Costco’s 17% Gain While the S&P is Red
There’s a one-sentence truth buried in a headline about Costco: the retail stock is up 17% in 2026 while the broader index is down.
That’s not a story about Costco being great. That’s a story about rotation. About money flowing out of the mega-cap AI narrative and into defensive, cash-generative businesses that don’t require you to believe in exponential AI revenue curves. When Costco outperforms the S&P 500 in a year where everyone’s supposed to be bullish on tech, you’re watching the smart money take profits.
Berkshire’s electric utility also just won a court case that could save it $1 billion-plus in wildfire damages. Again: that’s capital allocation shifting toward stability and away from narratives.
The “Claude Mania” Moment
At the HumanX conference, Anthropic’s momentum was the dominant story. “Claude mania,” as one observer put it. That phrase made me think of 1999—the exact moment everyone was convinced internet stocks were a one-way bet upward. The moment before the Nasdaq lost 78% of its value over the next two years.
Anthropic’s doing great work. Claude is genuinely impressive. But the problem with “mania” is that it ends. Always. The only question is when and how much collateral damage there is when it does.
Photo by Markus Spiske / Pexels
What This All Means
I think we’re in the dangerous part of the cycle where the pattern is repeating but the believers haven’t admitted it yet.

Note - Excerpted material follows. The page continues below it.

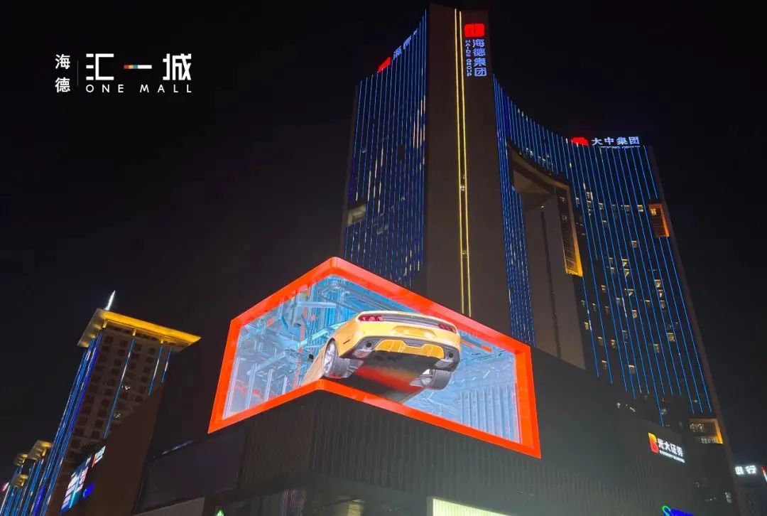 這塊裸眼 3D 大屏位于東莞鴻福路商圈中心位置,東莞大道與鴻福路交匯處海德廣場商業(yè)樓,市民可在對面國貿(mào)中心,市民廣場或者海德路口等最佳觀看位置欣賞。

Three of four times this technical setup appeared in the past 62 years, it was followed by significant declines. The fourth time? The narrative was “this time is different” right up until it wasn’t.
My prediction: We’ll see either a sharp correction (10-15% on the Nasdaq) or a prolonged consolidation (sideways for 4-6 months) before the next leg higher. The reason? This rally’s been built on the assumption that AI solves everything—competition, margins, geopolitics, inflation. Reality’s messier than the narrative.

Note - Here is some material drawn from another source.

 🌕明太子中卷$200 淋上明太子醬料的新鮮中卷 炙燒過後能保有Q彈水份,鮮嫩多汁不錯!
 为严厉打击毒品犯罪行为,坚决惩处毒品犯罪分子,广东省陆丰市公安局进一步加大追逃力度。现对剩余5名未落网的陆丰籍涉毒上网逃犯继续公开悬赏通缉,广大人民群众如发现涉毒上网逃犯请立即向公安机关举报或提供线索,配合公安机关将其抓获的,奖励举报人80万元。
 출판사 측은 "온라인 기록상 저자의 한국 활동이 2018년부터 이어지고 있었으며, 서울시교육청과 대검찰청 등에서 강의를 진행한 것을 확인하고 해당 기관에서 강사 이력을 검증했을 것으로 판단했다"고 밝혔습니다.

Here’s what genuinely unsettles me: The Fed’s stuck. Powell’s warning is still relevant because the underlying problem—overvalued equities dependent on rates staying low—hasn’t been solved. It’s just been papered over with AI exuberance. The geopolitical situation is genuinely uncertain. And the technical pattern is screaming that something’s breaking.
Yet people are talking about Google in buy areas like the 62-year warning doesn’t exist.
What I’m Watching
The April 13 Week Technical Breakdown — One headline specifically flags Monday, April 13 as the start of a “critical week” for determining the strength of the stock market rally. If that week closes below the Wednesday rally’s highs, you’ve got confirmation that the pattern reversal is real. That’s your actual sell signal.

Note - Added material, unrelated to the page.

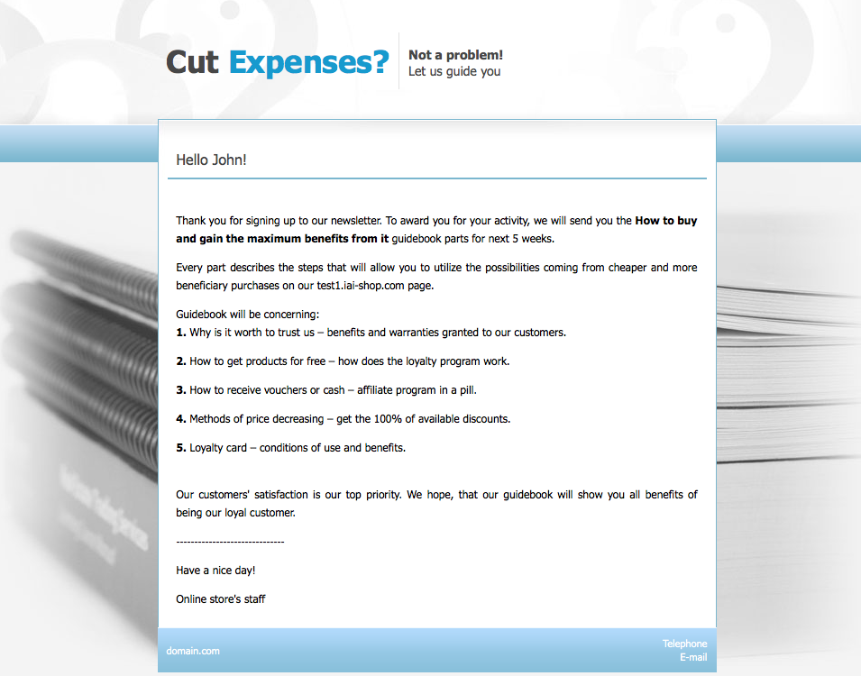 Triggered messages are very important addition to every on-line store. There are multiple applications of this tool. For example they allow to obtain feedback, award active buyers or send guides.

Powell’s Six-Word Warning Re-emergence — Watch for any Fed official repeating or clarifying that six-word observation. If it resurfaces in Powell’s next speech or a FOMC statement, the Fed’s about to either pivot hawkish or admit they’re stuck. Either way, equities care.
Geopolitical de-escalation vs. Maven Escalation — If Iran talks stall and U.S. military operations expand, Palantir rallies while tech gets hit. If talks resolve, defensive rotation reverses and we’re back to mega-cap narratives. The fact that these move in opposite directions is your tell for which way capital’s actually flowing.
Costco’s Relative Strength Persistence — If Costco keeps outperforming the S&P 500 through Q2, that rotation from growth to defensive is real and durable. That’s when you know the “buy the dip in mega-cap tech” trade is dead.
The market’s had a good run. But it’s done something it’s only done four times in 62 years. Three of those times, the run ended in the ditch. We’re still early enough to see which version of history we’re about to repeat—if we’re paying attention.